IT giant Tata Consultancy Services (TCS) is slated to release its July-September quarter (Q2FY23) results on Monday, October 10, 2022.
Analysts expect the company to post a sequential revenue growth of 3-4.6 per cent in constant currency terms, while its net profit may rise in the range of 6-10.7 per cent from the last quarter.
As per an average of five estimates compiled by Business Standard, the IT giant is expected to post a net profit of Rs 10,149 crore on a topline of Rs 53,552 crore in the September quarter.
On a yearly basis, the revenue could rise by 17-18 per cent and net profit by 4.4-9 per cent.
The company’s EBIT margins, on the other hand, are likely to improve by 40-118 basis points on a quarterly basis due to improved pricing, operating leverage and absorption of earlier wage hikes. (see table below for estimates)
Key monitorables: Investors will closely track management commentary on potential spending caution and pullback by clients, demand outlook, deal win momentum, segments or verticals exhibiting weak spending pattern, attrition trends and supply side pressures.

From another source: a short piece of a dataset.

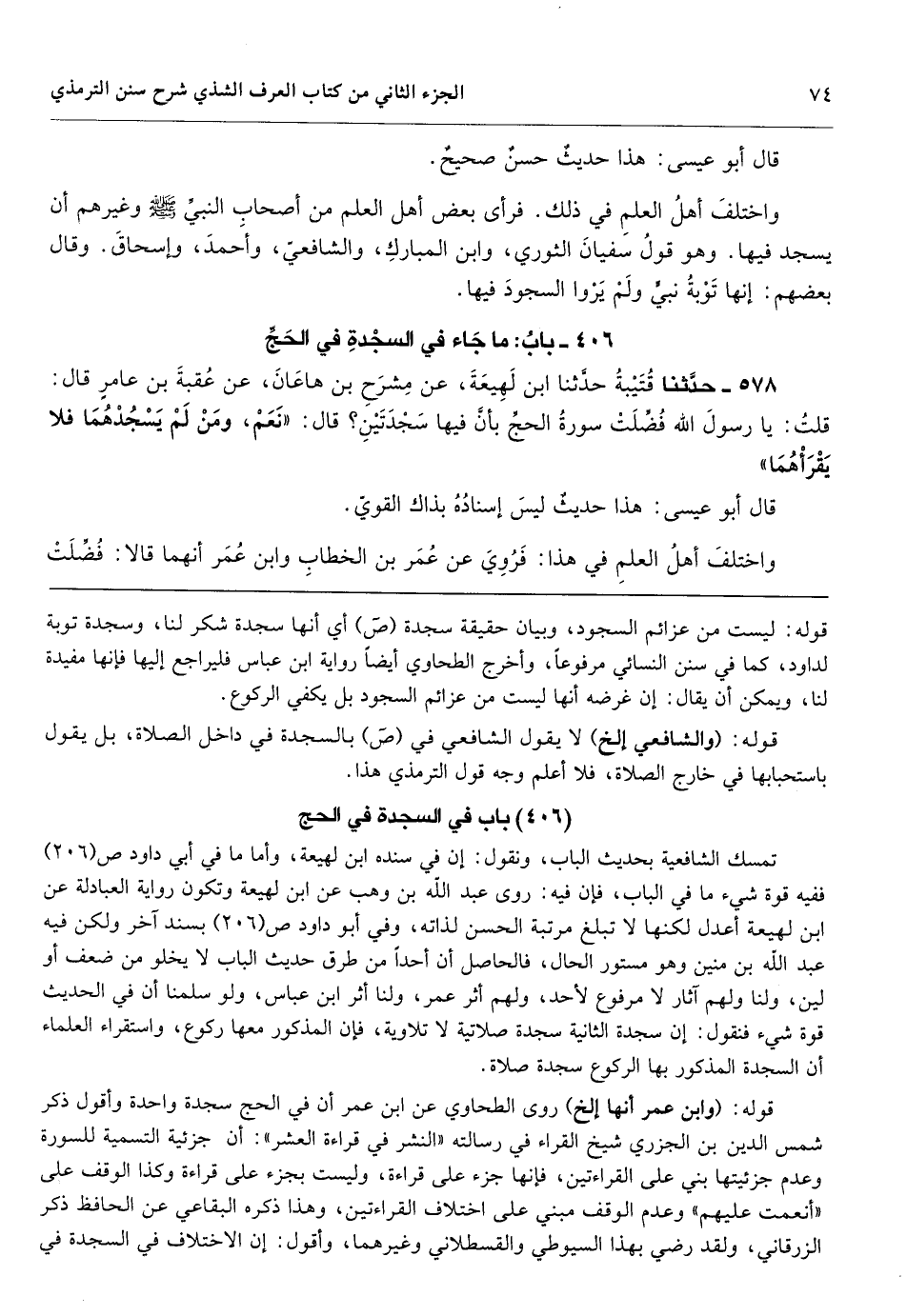 [578] تمسك الشافعية بحديث الباب، ونقول: إن في سنده ابن لهيعة، وأما ما في أبي داود ص (206) ففيه قوة شيء ما في الباب، فإن فيه: روى عبد الله بن وهب عن ابن لهيعة وتكون رواية العبادلة عن ابن لهيعة أعدل لكنها لا تبلغ مرتبة الحسن لذاته، وفي أبو داود ص (206) بسند آخر ولكن فيه عبد الله بن منين وهو مستور الحال، فالحاصل أن أحداً من طرق حديث الباب لا يخلو من ضعف أو لين، ولنا ولهم آثار لا مرفوع لأحد، ولهم أثر عمر، ولنا أثر ابن عباس، ولو سلمنا أن في الحديث قوة شيء فنقول: إن سجدة الثانية سجدة صلاتية لا تلاوية، فإن المذكور معها ركوع، واستقراء العلماء أن السجدة المذكور بها الركوع سجدة صلاة.
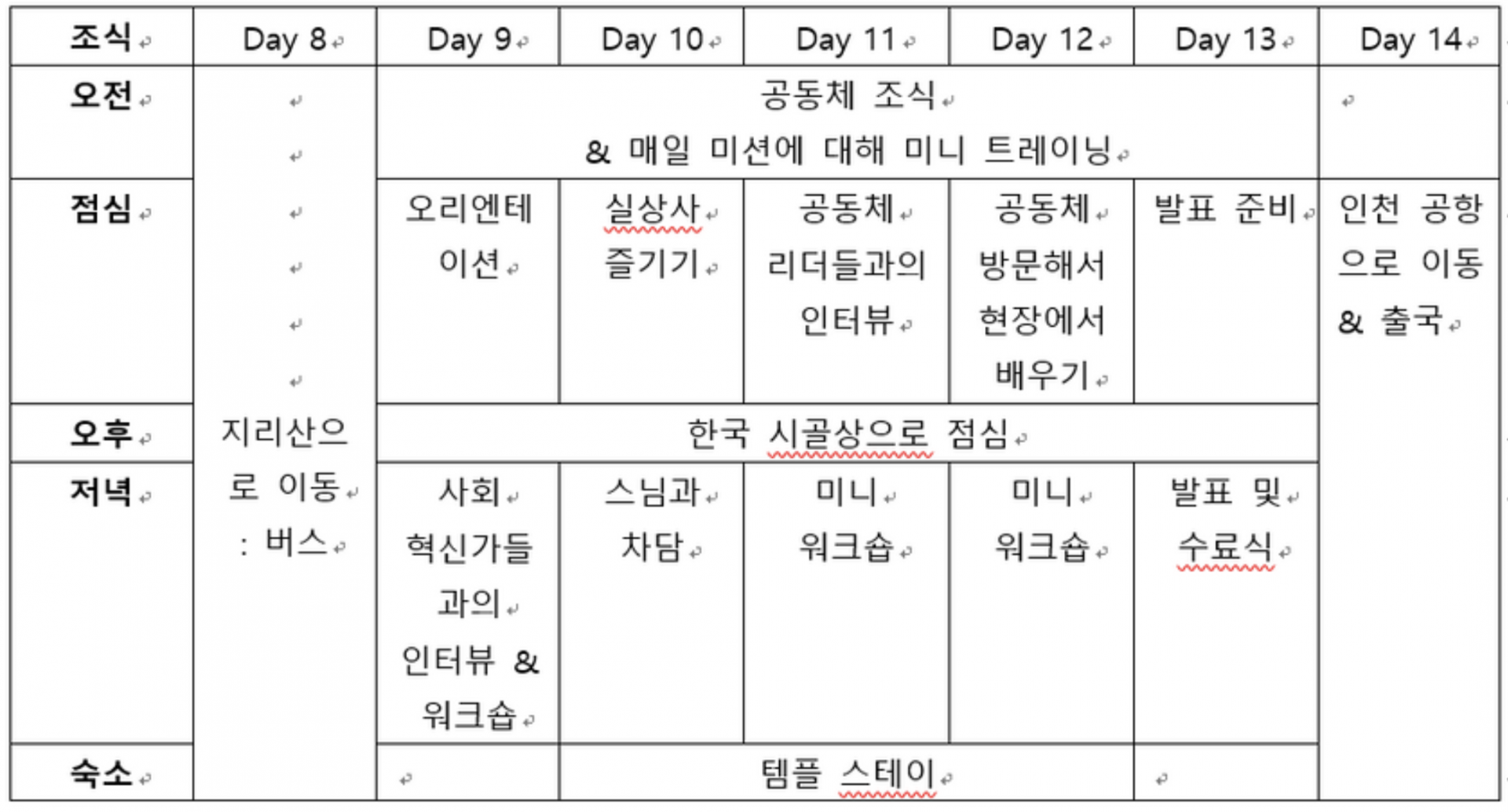 가슴이 뛰는 커리어를 찾는 트레이닝: 연수 기간 동안 성찰하는 시간을 매일 갖기, 리스닝스킬, 다양한 관점을 갖는 연습, 문화적 인지력 높이기, 자신의 가치관을 발견하는 연습, 연대와 협력을 이해하기 등등

Here’a compilation of top brokerage expectations:
IDBI Capital: The brokerage expects CC revenue growth of 4 per cent partially offset by 140 bps cross currency impact. Improved utilization and absence of wage hike will aid margin expansion. It has estimated a 117.8 bps margin improvement to 24.28 per cent.
Jefferies: The global brokerage expects largest margin improvement of up to 50 bps for TCS to be driven by pyramiding, operating leverage and pricing benefit, amid continued pickup in travel/discretionary expenses and supply side pressures. It estimates robust quarterly revenue growth of 3.5 per cent (CC) driven by deal ramp ups and a seasonally strong quarter.
Kotak Institutional Equities: It forecasts a sequential CC revenue growth of 3.1 per cent to be led by seasonal strength and growth in digital services, especially cloud servives. It sees extremely high cross-currency headwinds of 220 bps QoQ and 540 bps YoY.
EBIT margin will increase from lows of June 2022 quarter, led by the absorption of wage revision rolled out in the earlier quarter. However, multiple margin headwinds do exist with high attrition and an increase in travel and discretionary expenses. The brokerage expects moderate growth in total contract value (TCV) on a YoY basis in the range of $8-8.5 billion.
Philip Capital: It expects CC revenue growth of 4.6 per cent qoq on the back of a strong momentum in digital transformation programmes. It estimated growth to be broad based across all verticals. The brokerage has estimated margins to expand by 70bps QoQ on absorption of wage hikes, and rupee depreciation.